Your goal
In this exercise, return the whole listing exactly, excluding any images.
(Data in this exercise begins)
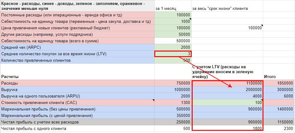 2. LTV важно учитывать и в расчете стоимости привлечения клиента. Особенно в случае когда LTV >> ARPC. Стоимость привлечения клиента в первую покупку должна окупаться выручкой за все время жизни.
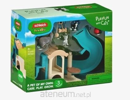 PLAC ZABAW DLA KOTÓW to zestaw, który zamienia podwórko w koci tor przeszkód pełen skoków i wspinaczek! Dwa rozbrykane kociaki pędzą w dół zjeżdżalni, wskakują na drapak i jednym susem znikają w małym domku. Za chwilę znów są na zewnątrz - huśtawka czeka, rampa prowadzi w górę, a schodki można przestawiać, więc każda runda wygląda inaczej. Dorosły kot w międzyczasie ostrzy pazurki na drapaku i czujnie obserwuje wygłupy swoich maluchów. Gdy przychodzi czas na przerwę, cała kocia ekipa wtula się w siebie w przytulnym domku. A po chwili - znowu ruszają do akcji! Zestaw Schleich zachęca dzieci do tworzenia ciepłych, codziennych historii o kociej rodzinie. Tutaj to maluchy decydują, kiedy jest pora na harce, a kiedy na odpoczynek.
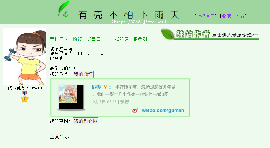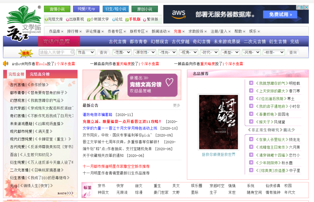这个论坛和它的主站“晋江原创网”一样,已经快满20岁了。互联网的高速发展似乎并未改变晋江的时间速度——点开它的主页,界面仍然是web2.0的“粗糙质感”:简单的红白绿三配色,稍显“复古”。
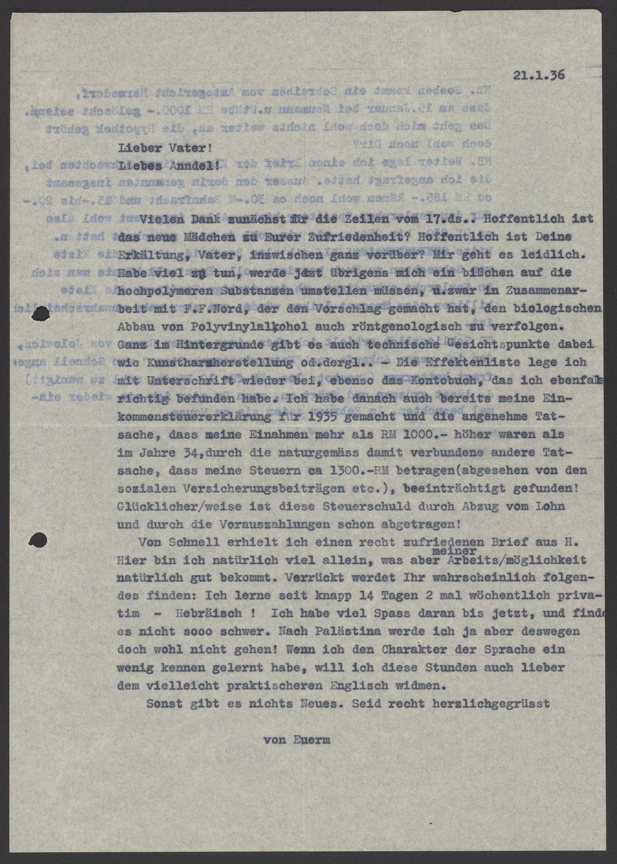 Thank you first for your letter from the 17th of this month. Hopefully you like your new maid? Father, hopefully your cold is completely gone by now. I'm doing well, but very busy. I will now have to switch to working with high-polymer substances in cooperation with F.F. Nord, who proposed that the biodegradation of polyvinyl alcohol should also be observed with X-ray technology. In addition, technical aspects like synthetic resin production are also involved. I already filed my income tax return for 1935. My income was 10,000 RM higher than in 1934 (apart from the insurance contributions etc.), and thus I had to pay 1,300 RM in taxes. Fortunately, this tax liability has already been paid off by deducting my wages and paying in advance.
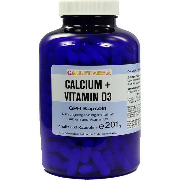 Calcium + Vitamin D3 GPH Kapseln enthalten 133 mg Calcium als Calciumcarbonat und Calciumcitrat und zusätzlich 0,83 µg Vitamin D3 (Colecalciferol) in einer Hartgelatinekapsel. Sowohl Calcium als auch Vitamin D3 können zur täglichen Nahrungsergänzung empfohlen werden, wobei die empfohlenen Tageszufuhren 800 mg Calcium und 5 µg Vitamin D3 betragen (RDA) und diese Menge in 6 Stück dieser Calcium + Vitamin D3 GPH Kapseln enthalten ist.
(Data in this exercise ends)
Your solution
 2. LTV важно учитывать и в расчете стоимости привлечения клиента. Особенно в случае когда LTV >> ARPC. Стоимость привлечения клиента в первую покупку должна окупаться выручкой за все время жизни.
 PLAC ZABAW DLA KOTÓW to zestaw, który zamienia podwórko w koci tor przeszkód pełen skoków i wspinaczek! Dwa rozbrykane kociaki pędzą w dół zjeżdżalni, wskakują na drapak i jednym susem znikają w małym domku. Za chwilę znów są na zewnątrz - huśtawka czeka, rampa prowadzi w górę, a schodki można przestawiać, więc każda runda wygląda inaczej. Dorosły kot w międzyczasie ostrzy pazurki na drapaku i czujnie obserwuje wygłupy swoich maluchów. Gdy przychodzi czas na przerwę, cała kocia ekipa wtula się w siebie w przytulnym domku. A po chwili - znowu ruszają do akcji! Zestaw Schleich zachęca dzieci do tworzenia ciepłych, codziennych historii o kociej rodzinie. Tutaj to maluchy decydują, kiedy jest pora na harce, a kiedy na odpoczynek.
这个论坛和它的主站“晋江原创网”一样,已经快满20岁了。互联网的高速发展似乎并未改变晋江的时间速度——点开它的主页,界面仍然是web2.0的“粗糙质感”:简单的红白绿三配色,稍显“复古”。
 Thank you first for your letter from the 17th of this month. Hopefully you like your new maid? Father, hopefully your cold is completely gone by now. I'm doing well, but very busy. I will now have to switch to working with high-polymer substances in cooperation with F.F. Nord, who proposed that the biodegradation of polyvinyl alcohol should also be observed with X-ray technology. In addition, technical aspects like synthetic resin production are also involved. I already filed my income tax return for 1935. My income was 10,000 RM higher than in 1934 (apart from the insurance contributions etc.), and thus I had to pay 1,300 RM in taxes. Fortunately, this tax liability has already been paid off by deducting my wages and paying in advance.
 Calcium + Vitamin D3 GPH Kapseln enthalten 133 mg Calcium als Calciumcarbonat und Calciumcitrat und zusätzlich 0,83 µg Vitamin D3 (Colecalciferol) in einer Hartgelatinekapsel. Sowohl Calcium als auch Vitamin D3 können zur täglichen Nahrungsergänzung empfohlen werden, wobei die empfohlenen Tageszufuhren 800 mg Calcium und 5 µg Vitamin D3 betragen (RDA) und diese Menge in 6 Stück dieser Calcium + Vitamin D3 GPH Kapseln enthalten ist.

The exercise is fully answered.